Although the majority of CKD patients can be managed within the community, it is important to recognize those patients who would benefit from referral to a nephrologist. In certain cases discussing the management issues of a particular individual with a specialist may avoid the need for referral.

A patient's wishes and comorbidities need to be taken into account when referral is considered. In general, people in stages 4 and 5 CKD, with or without diabetes, should be considered for specialist assessment. However, at an earlier stage, other factors—including proteinuria, haematuria, poorly controlled hypertension, rate of change of eGFR and consideration as to whether the rate of progression of eGFR would make renal replacement therapy likely within the person's lifetime—would all influence the need for referral.

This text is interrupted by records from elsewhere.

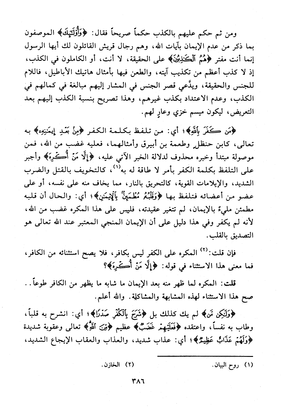 106 - {مَنْ كَفَرَ بِاللَّهِ}؛ أي: من تلفظ بكلمة الكفر {مِنْ بَعْدِ إِيمَانِهِ} به تعالى، كابن حنظلٍ وطعمة بن أبيرق وأمثالهما، فعليه غضب من الله، فمن موصولة مبتدأ وخبره محذوف لدلالة الخبر الآتي عليه، {إِلَّا مَنْ أُكْرِهَ} وأجبر على التلفظ بكلمة الكفر بأمر لا طاقة له به (¬1)، كالتخويف بالقتل والضرب الشديد، والإيلامات القوية، كالتحريق بالنار، مما يخاف منه على نفسه، أو على عضو من أعضائه فتلفظ بها {وَقَلْبُهُ مُطْمَئِنٌّ بِالْإِيمَانِ}؛ أي: والحال أن قلبه مطمئن مليءٌ بالإيمان، لم تتغير عقيدته، فليس على هذا المكره غضب من الله، لأنه لم يكفر وفي هذا دليل على أن الإيمان المنجي المعتبر عند الله تعالى هو التصديق بالقلب.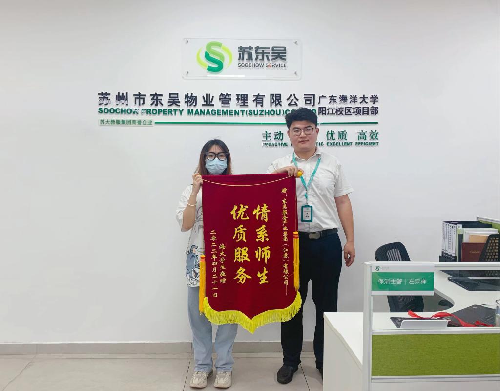 4月27日下午,阳江校区后勤保障部收到一份特殊的礼物,食品科学与工程学院的刘同学将一面绣着“情系师生、优质服务”的锦旗送到工作人员的手中,向不辞辛苦、勇于担当的工作人员表达诚挚的感谢。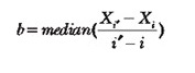 Donde b es la estimación de la pendiente de una tendencia, Xi es el dato medido en el tiempo i, Xj es el dato medido en el tiempo j, e i es el tiempo después del tiempo j.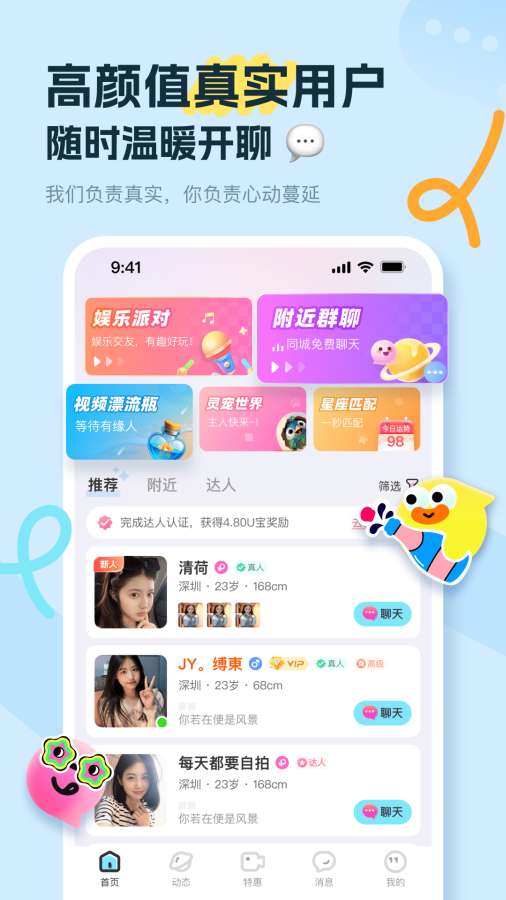 友趣是一款以真人实时视频为核心,融合多元娱乐场景的综合娱乐社交平台,为你带来全新的社交体验。在这里,每一次互动都充满温度与惊喜,让你在虚拟世界中也能感受到真实的连接与快乐。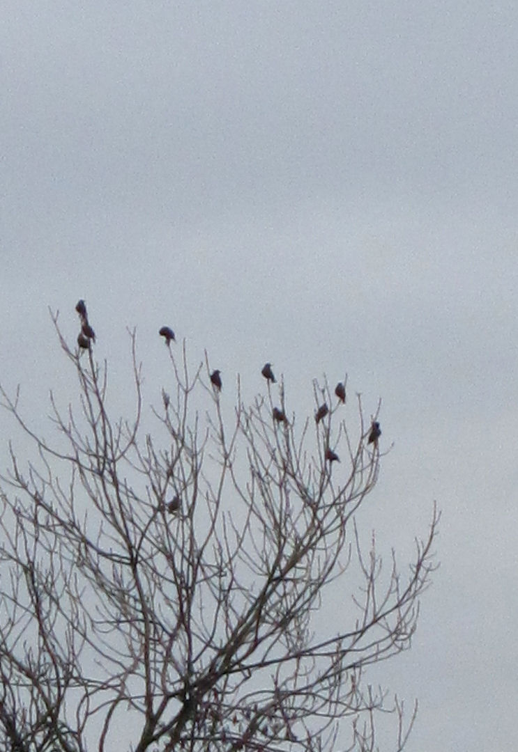I don’t know whether it is the return to grey weather or the insidious effect of Grey Britain but I seem to be becoming increasingly grumpy. Seeing as I’m already well established as a Grumpy Old Man increased grumpiness can’t be a good thing. The photo below seemed to sum it up for me, grey, gloomy background, birds sitting in the top of bare trees looking dejected ……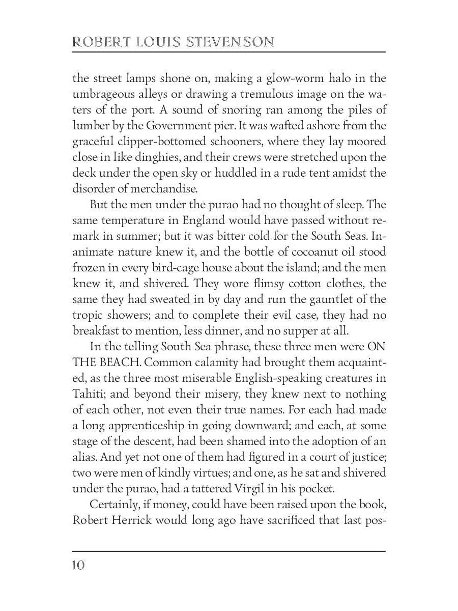 Handling time: 19 days Автор: Stevenson R.L., «The Ebb-Tide = Морской Отлив: на англ.яз»: Robert Louis Stevenson (1850—1894) was a Scottish novelist, poet, travel writer, and essayist. He was a celebrity during his lifetime for works like "Strange Case of Dr. Jekyll and Mr. Hyde" and "Treasure Island." Now he is one of the most translated authors in the world. "The Ebb-Tide" is a short novel co-written by Stevenson and his stepson Lloyd Osbourne. The plot revolves around three men down on their luck in Tahiti. All of them agree to ship out on a vessel whose officers died of smallpox, but on the way, they decide to steal the ship and its cargo. Naturally, this doesn't end well.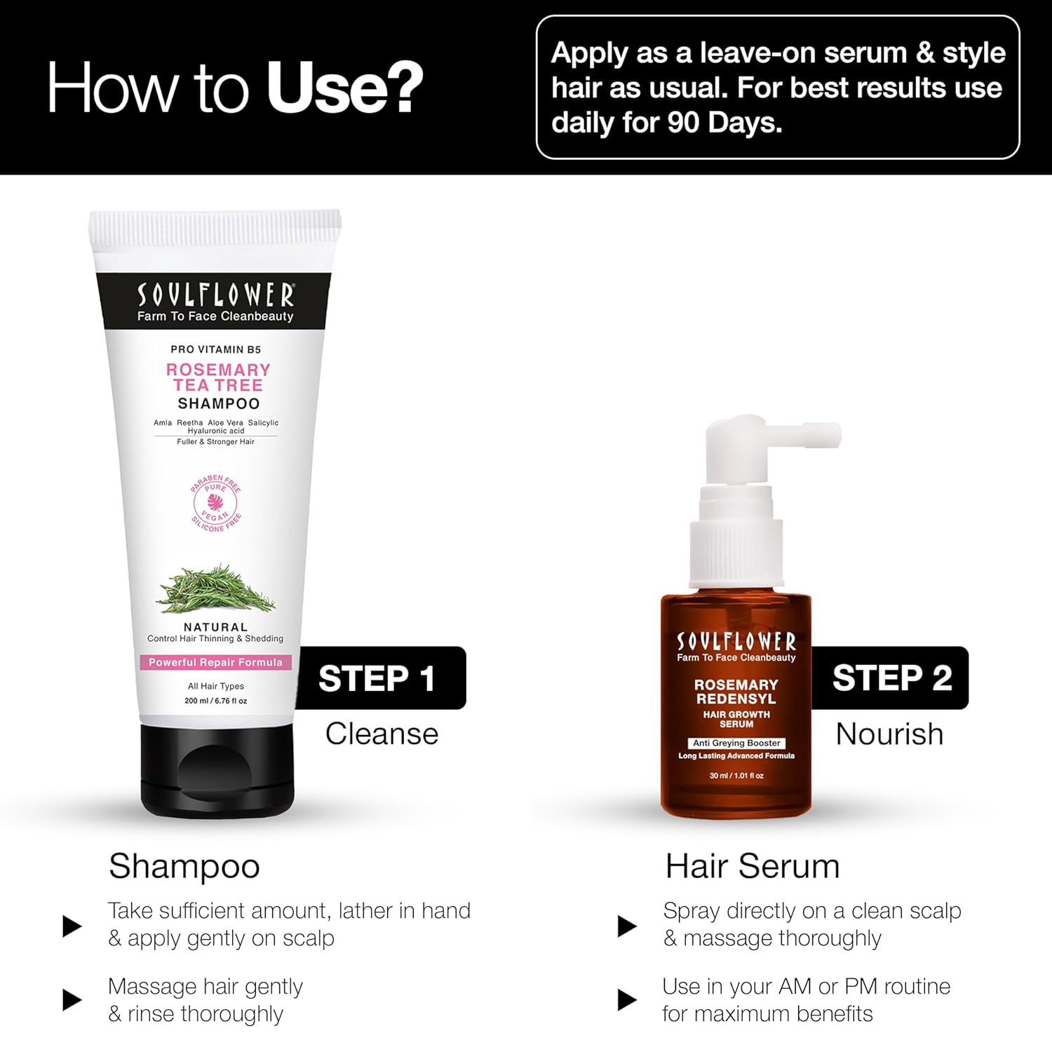 - HELPS TO REDUCE HAIR LOSS: The most essential part of your hair growth journey. This lightweight, non-greasy, non-oily, Rosemary Redensyl serum helps in concerns like slow hair growth, hair loss, thinning & uneven shedding.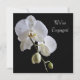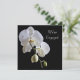 Annoncez que vous avez dit Oui à sa proposition de mariage et aux invités invitations de célébrer avec vous avec la jolie Fleur d'orchidée blanche carré sur Black Engagement Party Invitation. Cet invitation de fête à fleurs personnalisées classe présente une photo florale de fond de phalaenopsis blanc tropical fleurit sur la tige avec un arrière - plan noir.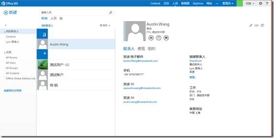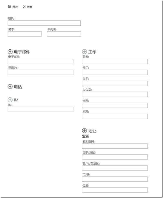 左边为分组导航栏\中部位具体组中的所有联系人\右部为选定的联系人具体信息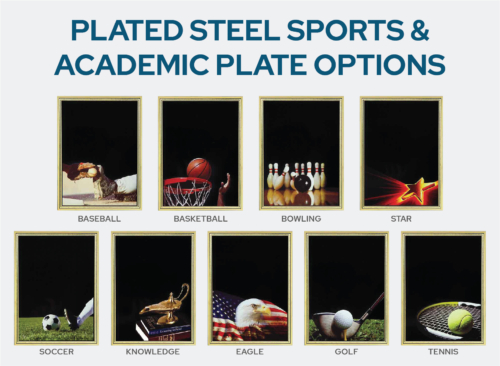 The Piano Finish Plaque is by far our most popular choice. The high gloss finish brings out the rich colors found in the wood. The piano finish wood plaque includes a rounded edge and Hi-Definition Brass Plated Steel Plaque Plate. Each plate gives you the look of brass for less! They have Laserbrite engraving and Florentine Highlights. They come in 2 sizes and multiple sports or styles. They are easily customizable by laser engraving.
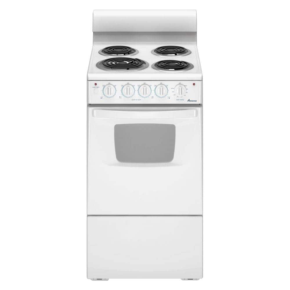 This 20-inch Amana electric range lets you have everything you need to make supper and save space with 2.6 cu. ft. capacity. The versatile cooktop lets you cook all your favorites at once, while the Temp Assure cooking system consistently delivers the ideal temperature to help those comfort foods taste just how you like them.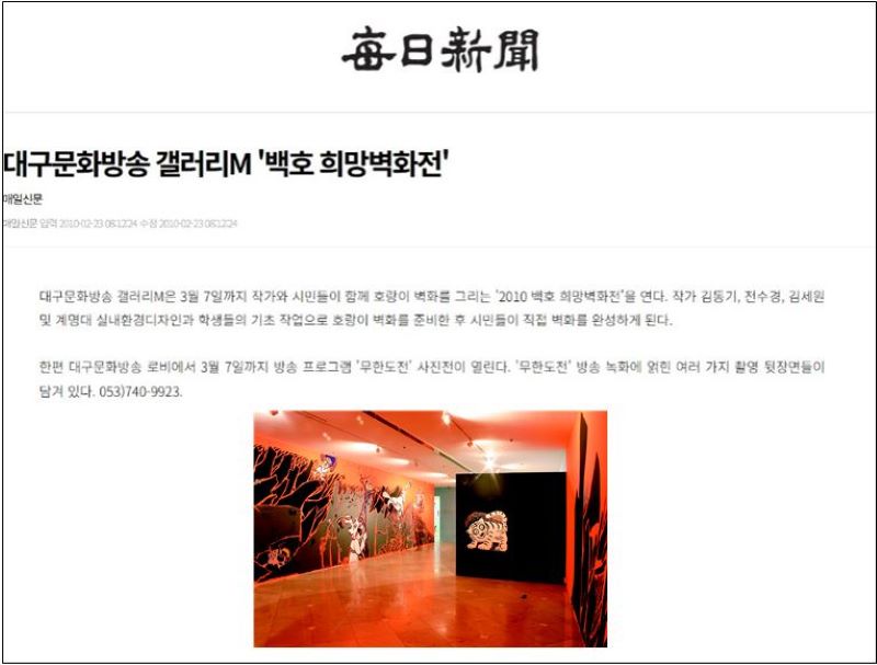 [공지]2010 대구문화방송 갤러리M '백호 희망벽화전' 기사 스크랩 : 네이버 블로그 (naver.com)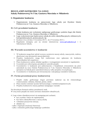 REGULAMIN KONKURSU NA LOGO Szkoły Podstawowej Nr 5 im. Gustawa Morcinka w Mikołowie I. Organizator konkursu 1. Organizatorem konkursu na opracowanie logo szkoły jest Dyrektor Szkoły Podstawowej nr 5 im. Gustawa Morcinka w Mikołowie. II. Cel i przedmiot konkursu 1. Celem konkursu jest wyłonienie najlepszego graficznego symbolu (logo) dla Szkoły Podstawowej nr 5 im. Gustawa Morcinka w Mikołowie 2. Logo wykorzystywane będzie przez szkołę do celów identyfikacyjnych, reklamowych, korespondencyjnych, promocyjnych, itp. 3. Konkurs trwa od dnia 13 kwietnia 2015 r. do 27 kwietnia 2015 r. 4. Regulamin dostępny jest na stronie internetowej www.sp5.mikolow.pl i w Sekretariacie Szkoły. III. Warunki uczestnictwa w konkursie 1. W konkursie mogą brać udział wszyscy uczniowie naszej szkoły, nauczyciele, rodzice, absolwenci oraz przyjaciele naszej placówki. 2. Projekty konkursowe mogą być realizowane oraz zgłaszane do konkursu indywidualnie lub zespołowo. 3. Prace konkursowe należy składać zgodnie z wymaganiami zawartymi w regulaminie. 4. Uczestnik jest zobowiązany przedstawić autorski projekt. 5. Uczestnictwo w konkursie jest jednoznaczne z bezpłatnym zrzeczeniem się praw autorskich na rzecz Szkoły Podstawowej nr 5 im. Gustawa Morcinka w Mikołowie (przejście na Szkołę praw autorskich dotyczy tylko projektu zwycięskiego). 6. Uczestnictwo w konkursie jest równoznaczne z akceptacją warunków konkursu. IV. Forma prezentacji pracy konkursowej 1. Projekt znaku graficznego (logo) powinien nadawać się do różnorodnego wykorzystania: reklama, Internet, pisma, ulotki. 2. Prace można wykonać ręcznie lub korzystając z technik komputerowych. 3. Projekty konkursowe muszą spełniać następujące warunki: Na dowolnym formacie należy przedstawić znak. W swej treści projekt nie może zawierać elementów obraźliwych. 4. Logo winno charakteryzować się następującymi cechami; • być czytelne i łatwe do zapamiętania, • być łatwo identyfikowane z naszą szkołą • wzbudzać pozytywne emocje, • składać się : - tylko z logotypu (stylizacji literowej) - tylko z elementu graficznego będącego symbolem - lub też zawierać połączenie obu tych elementów. 5. Logo nie powinno być skomplikowane pod względem graficznym i kolorystycznym. 6. Prace należy składać podając: - imię i nazwisko, (w przypadku uczniów SP5 - klasę) - klasę, - płytę z nagraną pracą, jeżeli jest ona wykonana techniką komputerową - oświadczenie o akceptacji zapisów Regulaminu Konkursu V. Miejsce i termin składania prac konkursowych 1. Prace należy składać do dnia 27.04.2015 r. do p. Katarzyny Adamczak-Wędzichy w sali nr 11 lub w Sekretariacie Szkoły. 2. Prace konkursowe, niespełniające wymagań, o których mowa w regulaminie konkursu, nie będą podlegały ocenie Komisji Konkursowej. 3. Prace dostarczone po terminie nie będą oceniane. 4. Organizator nie zwraca złożonych prac. VI. Kryteria oceny prac konkursowych Projekty oceniane będą zgodnie z następującymi kryteriami: 1) zgodność projektu z danymi naszej szkoły, 2) oryginalność znaku, łatwość zapamiętywania, 3) czytelność i funkcjonalność projektu, 4) estetyka wykonania projektu. VII. Ocena prac konkursowych Zwycięskie prace zostaną wybrane przez Komisję Konkursową, w składzie: 1. Dyrektor szkoły 2. Przedstawiciel Rady Rodziców 3. Przedstawiciel Samorządu Uczniowskiego 4. Przedstawiciel Rady Pedagogicznej w/w osoby nie mogą być uczestnikami konkursu oraz mieć z nimi powiązań rodzinnych VIII. Rozstrzygnięcie konkursu 1. W wyniku postępowania konkursowego Komisja Konkursowa wyłania zwycięzcę konkursu. 2. Organizatorzy zastrzegają sobie prawo do dopracowania lub zmodyfikowania zwycięskiego projektu oraz do nierozstrzygnięcia konkursu. 3. Dla zwycięzców przewidziane są nagrody. 4. Planowana data ogłoszenia wyników 30.04.2015 r. 5. Wyniki zostaną zamieszczone na stronie szkoły www.sp5.mikolow.pl
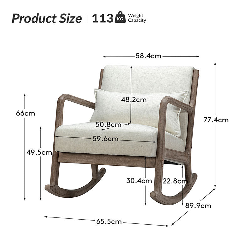 Covered in soft fabric with a solid hue, the padded seat and back provide comfort and visual appeal, making this rocking chair a perfect choice for relaxing moments. Whether you’re sitting by the window or out on the balcony, this chair is the ideal spot to unwind and enjoy the view.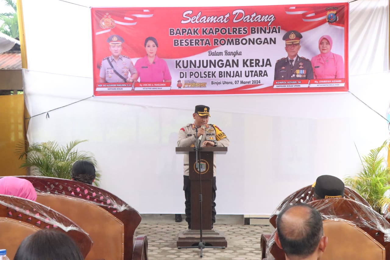 Yang mana kapolres Binjai Akbp Rio Alexander Panelewen bersama ibu ketua Bhayangkari cabang Binjai Ny Vois Alexander Panelewen bersama para pejabat utama polres binjai dan pengurus bhayangkari melaksanakan kunjungan pertama ke polsek Binjai utara pada selasa (07/03/24) pukul 09.00 WIB

The NICE guideline on CKD suggests referral for the following groups of people with CKD:

  • stages 4 and 5 CKD

  • higher levels of proteinuria (ACR ≧ 70 mg/mmol) unless known to be due to diabetes and appropriately treated

  • proteinuria (ACR ≧ 30 mg/mmol) together with haematuria

  • rapidly declining eGFR (>5 ml/min/1.73 m2 in one year, or >10 mL/min/1.73 m2 within five years)

  • hypertension that remains poorly controlled despite the use of at least four antihypertensive drugs at therapeutic doses

  • people suspected of having rare or genetic causes of CKD

  • suspected renal artery stenosis.

When under hospital care, a patient with CKD may attend either a general nephrology clinic, a low clearance clinic or undergo dialysis. Palliative treatment is an option for some patients with end-stage kidney failure, and management of these patients is often undertaken in the community alongside collaboration with renal/palliative care specialists.